> _WORK REQUEST_:
Stop at the line that contains "2016年9月5-6日,武漢". Until then, set down each line of the records exactly, beginning with the first, and skip pictures.

(Saved entries)
Start of Block

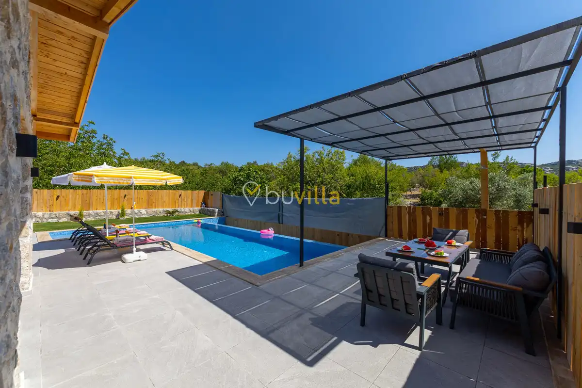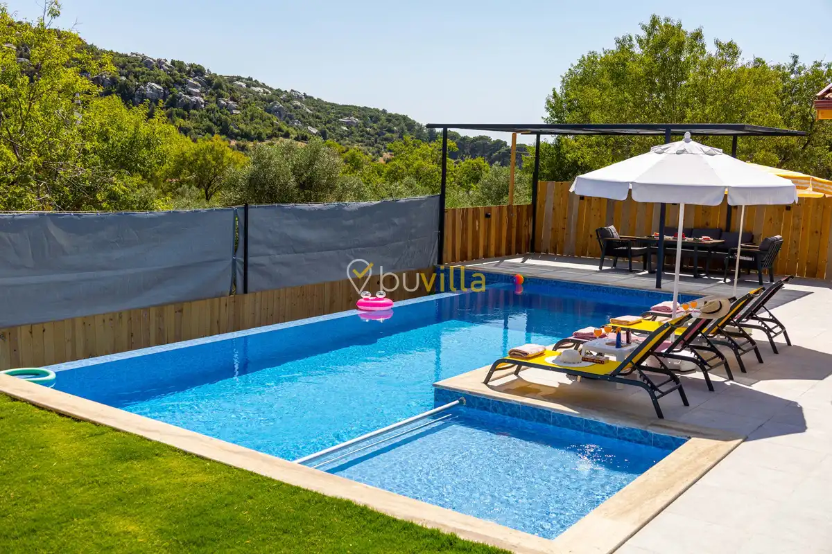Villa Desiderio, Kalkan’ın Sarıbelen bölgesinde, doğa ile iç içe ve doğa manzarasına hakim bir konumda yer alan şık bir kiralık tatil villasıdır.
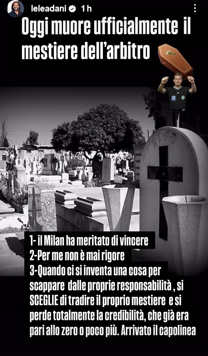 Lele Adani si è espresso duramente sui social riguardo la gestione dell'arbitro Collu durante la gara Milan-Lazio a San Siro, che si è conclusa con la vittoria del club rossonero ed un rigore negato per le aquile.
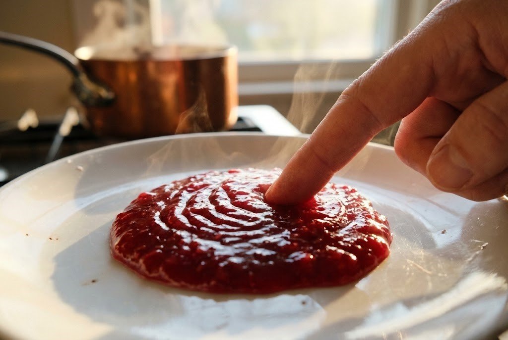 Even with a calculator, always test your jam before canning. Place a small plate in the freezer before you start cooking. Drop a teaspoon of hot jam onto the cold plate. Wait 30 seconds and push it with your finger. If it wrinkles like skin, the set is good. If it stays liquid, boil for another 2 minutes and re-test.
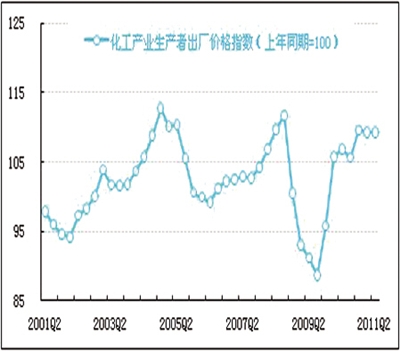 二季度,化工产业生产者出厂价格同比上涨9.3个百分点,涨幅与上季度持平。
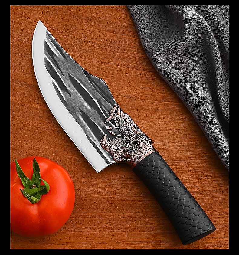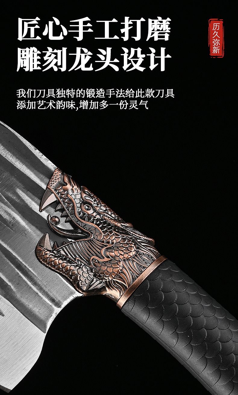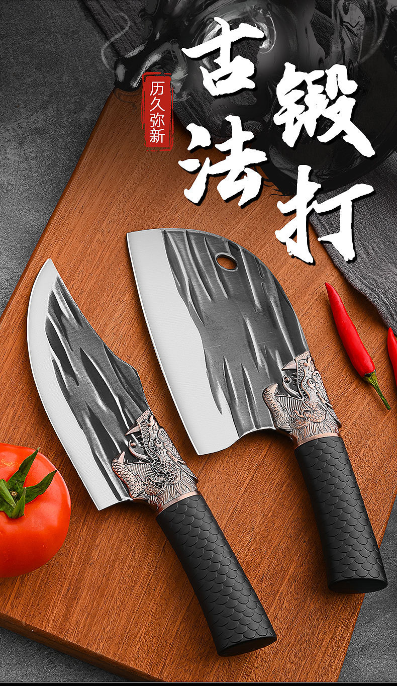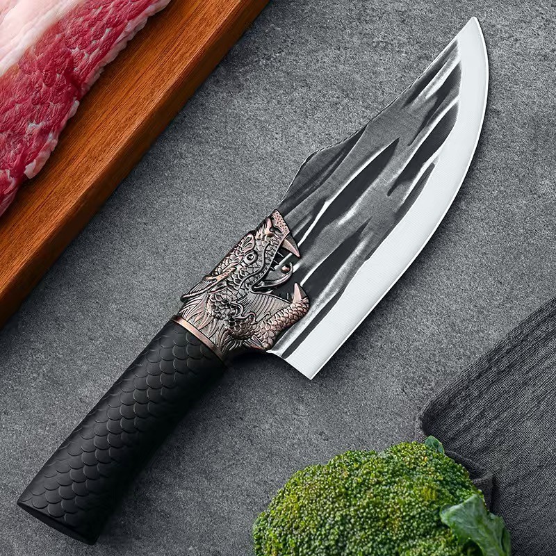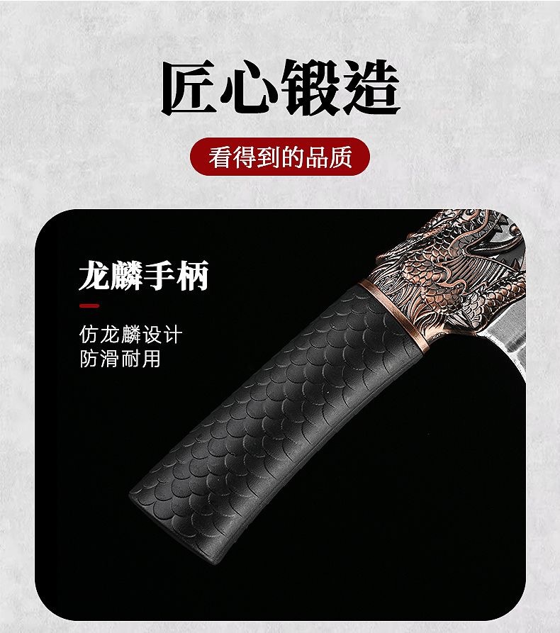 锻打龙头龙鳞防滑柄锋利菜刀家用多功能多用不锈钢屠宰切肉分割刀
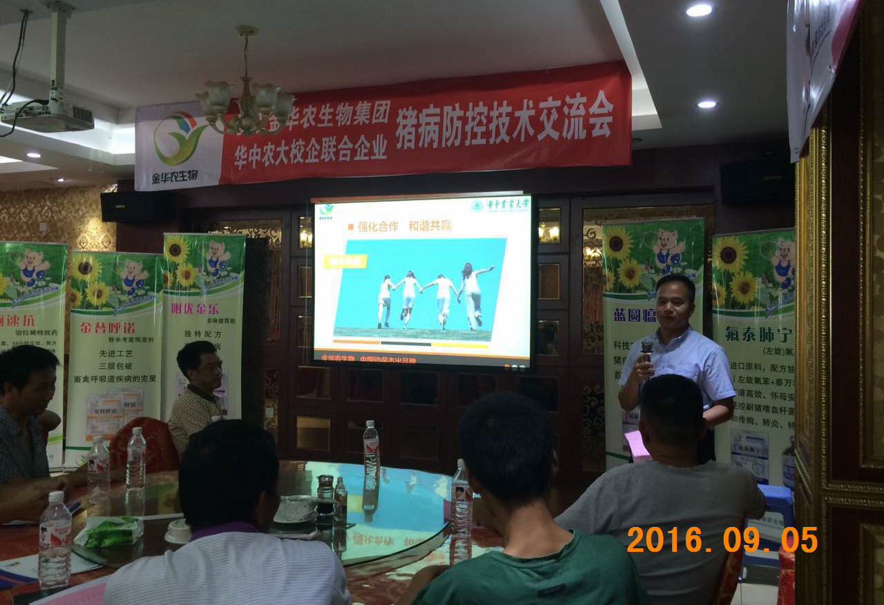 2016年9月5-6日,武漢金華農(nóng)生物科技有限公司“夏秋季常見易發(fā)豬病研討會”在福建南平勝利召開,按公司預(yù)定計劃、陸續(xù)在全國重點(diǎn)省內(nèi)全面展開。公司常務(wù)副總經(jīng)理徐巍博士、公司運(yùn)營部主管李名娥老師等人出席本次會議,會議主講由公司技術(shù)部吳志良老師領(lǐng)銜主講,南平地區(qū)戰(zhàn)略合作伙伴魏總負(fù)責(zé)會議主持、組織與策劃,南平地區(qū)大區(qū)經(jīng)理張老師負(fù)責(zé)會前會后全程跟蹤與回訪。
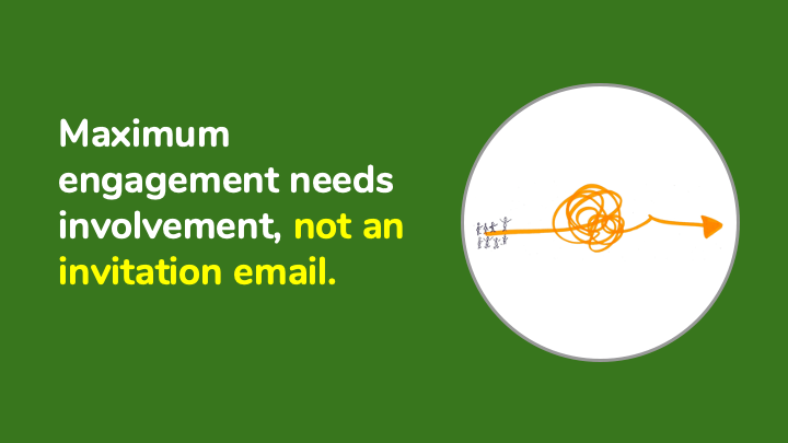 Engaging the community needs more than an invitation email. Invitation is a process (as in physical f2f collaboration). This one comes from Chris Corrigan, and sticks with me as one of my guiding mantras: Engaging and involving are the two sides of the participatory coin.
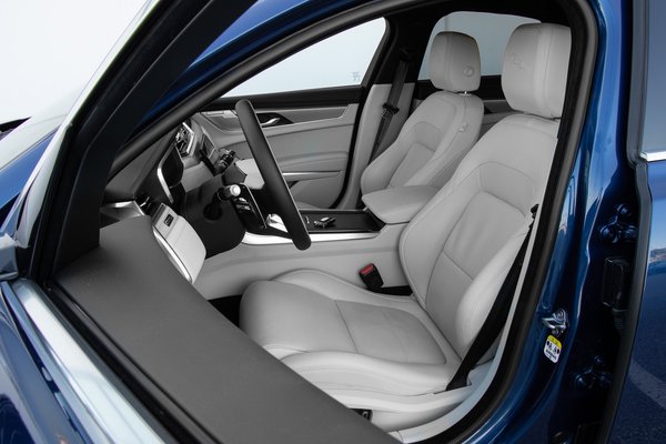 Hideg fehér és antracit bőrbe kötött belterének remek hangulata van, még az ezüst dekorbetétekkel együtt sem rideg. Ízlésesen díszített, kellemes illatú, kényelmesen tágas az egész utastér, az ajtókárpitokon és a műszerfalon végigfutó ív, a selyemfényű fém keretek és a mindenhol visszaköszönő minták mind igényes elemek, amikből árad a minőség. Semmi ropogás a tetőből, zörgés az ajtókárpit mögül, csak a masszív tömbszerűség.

End of Block

> _SOLUTION TO THIS EXERCISE_:
Villa Desiderio, Kalkan’ın Sarıbelen bölgesinde, doğa ile iç içe ve doğa manzarasına hakim bir konumda yer alan şık bir kiralık tatil villasıdır.
 Lele Adani si è espresso duramente sui social riguardo la gestione dell'arbitro Collu durante la gara Milan-Lazio a San Siro, che si è conclusa con la vittoria del club rossonero ed un rigore negato per le aquile.
 Even with a calculator, always test your jam before canning. Place a small plate in the freezer before you start cooking. Drop a teaspoon of hot jam onto the cold plate. Wait 30 seconds and push it with your finger. If it wrinkles like skin, the set is good. If it stays liquid, boil for another 2 minutes and re-test.
 二季度,化工产业生产者出厂价格同比上涨9.3个百分点,涨幅与上季度持平。
 锻打龙头龙鳞防滑柄锋利菜刀家用多功能多用不锈钢屠宰切肉分割刀
 2016年9月5-6日,武漢金華農(nóng)生物科技有限公司“夏秋季常見易發(fā)豬病研討會”在福建南平勝利召開,按公司預(yù)定計劃、陸續(xù)在全國重點(diǎn)省內(nèi)全面展開。公司常務(wù)副總經(jīng)理徐巍博士、公司運(yùn)營部主管李名娥老師等人出席本次會議,會議主講由公司技術(shù)部吳志良老師領(lǐng)銜主講,南平地區(qū)戰(zhàn)略合作伙伴魏總負(fù)責(zé)會議主持、組織與策劃,南平地區(qū)大區(qū)經(jīng)理張老師負(fù)責(zé)會前會后全程跟蹤與回訪。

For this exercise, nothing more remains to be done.